BANKS have paid out £1.1 billion to 7,000 small businesses in compensation for the mis-selling of complex loans after a 12-month review, the Financial Conduct Authority has said.

A further 6,000 offers have been made though not yet accepted, suggesting the total pay-out will top £2 billion. Much of the remainder of the £3.75 billion set aside by banks for mis-selling interest rate hedging products (IHRPs) would go on "the costs of having to get out of these products (the payments customers would have made in the future), the costs of employing more than 3,000 people to carry out the exercise, and the costs of engaging independent reviewers to look at every case", the FCA said.

In all, almost 30,000 businesses were sold IHRPs, loans linked to derivatives or swaps designed to protect against rising interest rates, with a 92 per cent mis-selling rate, but over 10,000 firms were excluded by the banks from the review as allegedly "sophisticated" customers.

A further 60,000 SME loans which contain 'embedded swaps', and which according to the FCA penalise borrowers in much the same way as IHRPs, are outside FCA jurisdiction altogether, prompting calls from the Treasury Committee for government action.

The FCA said: "All nine banks have now completed their sales reviews of customers who joined the review before March 2014. AIB, Bank of Ireland, Co-op, HSBC, Lloyds, Santander, and Clydesdale and Yorkshire Banks have met our target by delivering redress letters to all but a handful of these customers by the end of May, within 12 months of starting their reviews. Barclays and RBS will send out redress letters to the remaining customers, around 500 customers between them relating to 700 sales, before the end of June."

However, campaign group Bully Banks said this week that in a survey of 400 of its 2,000 SME members, only 49 per cent of RBS customers had been made offers by late May, and yesterday adviser Veritas Treasury in Glasgow said that only 60 per cent of its RBS clients had been made offers.

A spokesman for RBS said: "We continue to work hard to process cases as quickly as possible and ensure that all those that were mis-sold these products get fair and reasonable redress."

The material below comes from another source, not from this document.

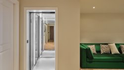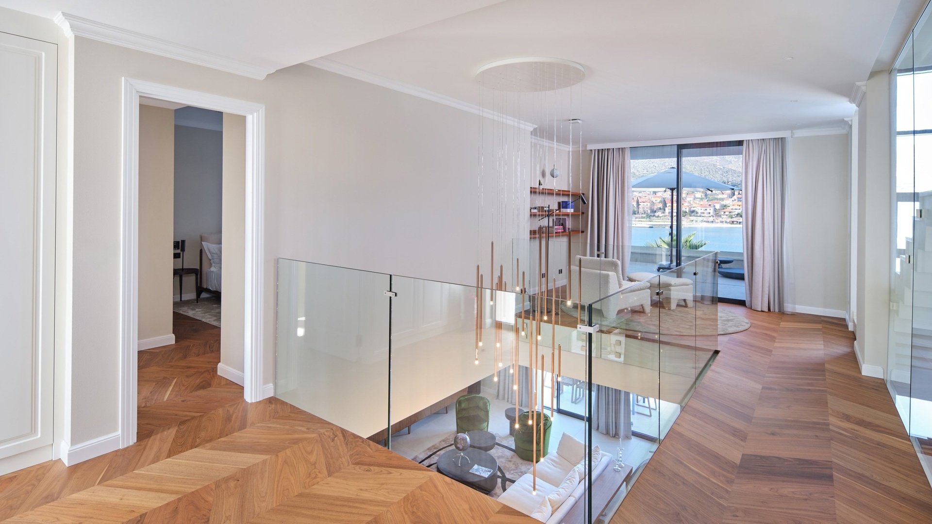 Only premium materials and technologies were used in the construction, including Schüco panoramic windows and doors, an OTIS elevator, Atlas porcelain tiles, Scheucher wooden floors, HansGrohe bathroom fixtures, Bosch kitchen appliances, and natural travertine.

The Herald has this week reported evidence from the Bully Banks survey, and from law firm Slater & Gordon which has advised 300 SMEs in the review, that banks have determined redress according to the size of claims rather than their merits, and that the FCA's independent reviewers have been inactive and box-ticking.

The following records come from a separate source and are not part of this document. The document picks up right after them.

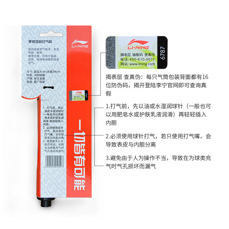 Li Ning basketball pump with air needle two-way Mini Portable football volleyball ball inflatable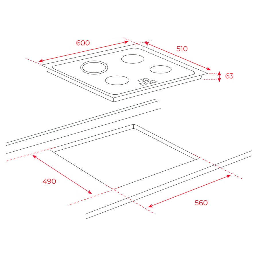 Bản vẽ Bếp Hồng Ngoại Teka TT 6315 40239031 3 Mặt Bếp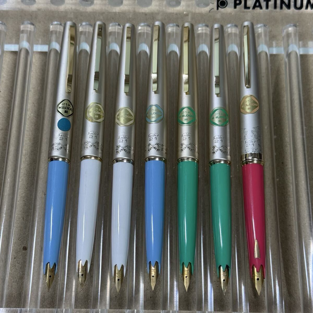 全て一度もインクを通していない新品未使用品です。画像8枚目の真ん中のもののみつけペンとして使用した形跡がありペン先に汚れがあります。長期保管品の為、細かい傷や汚れが付着している場合があります。予めご了承くださいませ。ペン先の太さ、軸の状態(傷、汚れ、シールの有無など)はできる限り画像に載せています。画像をよく見てからご検討頂けますと幸いです。よろしくお願いいたします。
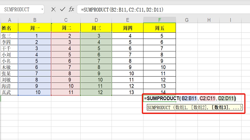 sumproduct函数中的参数为三个数组时,三个数组的所有元素都相应相乘。

Lawyer Fraser Whitehead said in his experience that reviewers' presence in meetings had been "extremely expensive yet purely procedural".

The FCA began yesterday's release by stressing : "Every case is overseen and verified by an independent reviewer."

Simon Jaquiss, at specialist advisers QA Legal, said less than half of the offers made so far had been for "full tear-up" of the original agreement, raising serious concerns. "The substitution of replacement products appears in many cases to have been decided in the interests of purely saving money. Why insist otherwise on a replacement product the like of which has been massively mis-sold?"

Mr Cowan added that this type of redress was "having one toxic swap replaced with another slightly less toxic swap".

Bully Banks chairman Jeremy Roe has also protested that banks have been rejecting well-founded claims for consequential losses, prepared in some cases by eminent barristers.

Mr Jaquiss commented: "The level of where the legal test bar is placed appears to be very high, and unfathomable, and not at all aligned to true legal principles."

The FCA revealed yesterday that 2,060 claims for consequential loss had been made and 400 assessed with £700,000 paid out - an average £1,800 per claim.

It said banks were already paying eight per cent simple (not compound) annual interest on any redress payments to reflect lost opportunities, which often amounted to 40 per cent of the compensation being paid out. The banks considered additional claims according to "established legal principles" and their decisions were "assessed by independent reviewers".